• Record excerpts:
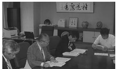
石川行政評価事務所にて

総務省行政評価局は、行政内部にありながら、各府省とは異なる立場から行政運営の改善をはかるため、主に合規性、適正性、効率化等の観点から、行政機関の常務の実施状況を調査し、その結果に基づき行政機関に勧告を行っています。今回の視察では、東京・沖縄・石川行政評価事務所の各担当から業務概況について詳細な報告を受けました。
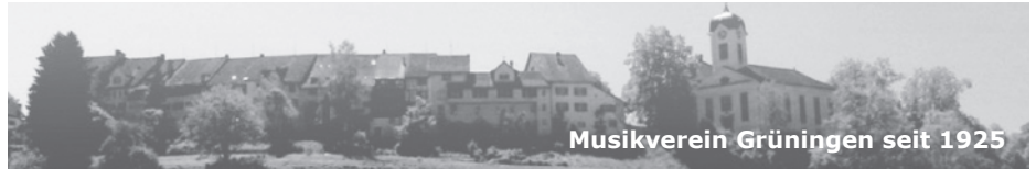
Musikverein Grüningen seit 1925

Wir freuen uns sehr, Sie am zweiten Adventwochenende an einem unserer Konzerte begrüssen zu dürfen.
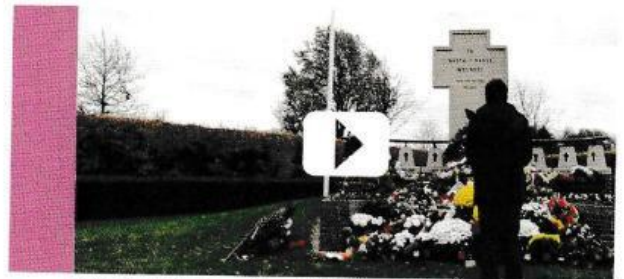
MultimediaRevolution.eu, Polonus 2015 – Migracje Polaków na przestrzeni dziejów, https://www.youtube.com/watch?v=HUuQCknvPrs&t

==

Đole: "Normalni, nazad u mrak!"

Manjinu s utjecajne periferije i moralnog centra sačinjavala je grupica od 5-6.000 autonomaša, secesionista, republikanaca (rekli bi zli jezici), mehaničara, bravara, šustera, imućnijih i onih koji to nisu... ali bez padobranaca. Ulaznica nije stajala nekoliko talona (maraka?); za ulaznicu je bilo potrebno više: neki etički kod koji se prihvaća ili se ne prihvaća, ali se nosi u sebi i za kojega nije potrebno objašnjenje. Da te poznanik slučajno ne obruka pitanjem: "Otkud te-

==

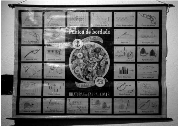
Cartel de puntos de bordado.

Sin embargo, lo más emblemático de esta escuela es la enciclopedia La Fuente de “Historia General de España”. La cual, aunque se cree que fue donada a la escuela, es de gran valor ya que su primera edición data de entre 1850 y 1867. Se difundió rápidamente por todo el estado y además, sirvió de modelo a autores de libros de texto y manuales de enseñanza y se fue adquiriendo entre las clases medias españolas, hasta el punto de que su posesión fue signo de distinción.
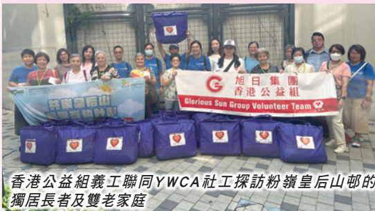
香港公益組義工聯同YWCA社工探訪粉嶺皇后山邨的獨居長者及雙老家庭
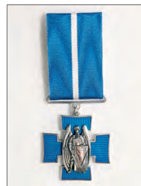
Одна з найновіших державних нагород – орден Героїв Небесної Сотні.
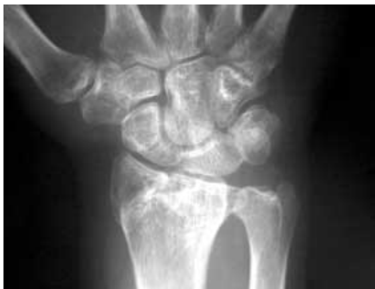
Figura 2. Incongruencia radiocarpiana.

• Required work:
Although pictures appear among the records above, write out exactly only the lines from the one that has "石川行政評価事務所にて" through the one that has "MultimediaRevolution.eu, Polonus 2015", and leave the pictures out.

• Task result:
石川行政評価事務所にて

総務省行政評価局は、行政内部にありながら、各府省とは異なる立場から行政運営の改善をはかるため、主に合規性、適正性、効率化等の観点から、行政機関の常務の実施状況を調査し、その結果に基づき行政機関に勧告を行っています。今回の視察では、東京・沖縄・石川行政評価事務所の各担当から業務概況について詳細な報告を受けました。
Musikverein Grüningen seit 1925

Wir freuen uns sehr, Sie am zweiten Adventwochenende an einem unserer Konzerte begrüssen zu dürfen.
MultimediaRevolution.eu, Polonus 2015 – Migracje Polaków na przestrzeni dziejów, https://www.youtube.com/watch?v=HUuQCknvPrs&t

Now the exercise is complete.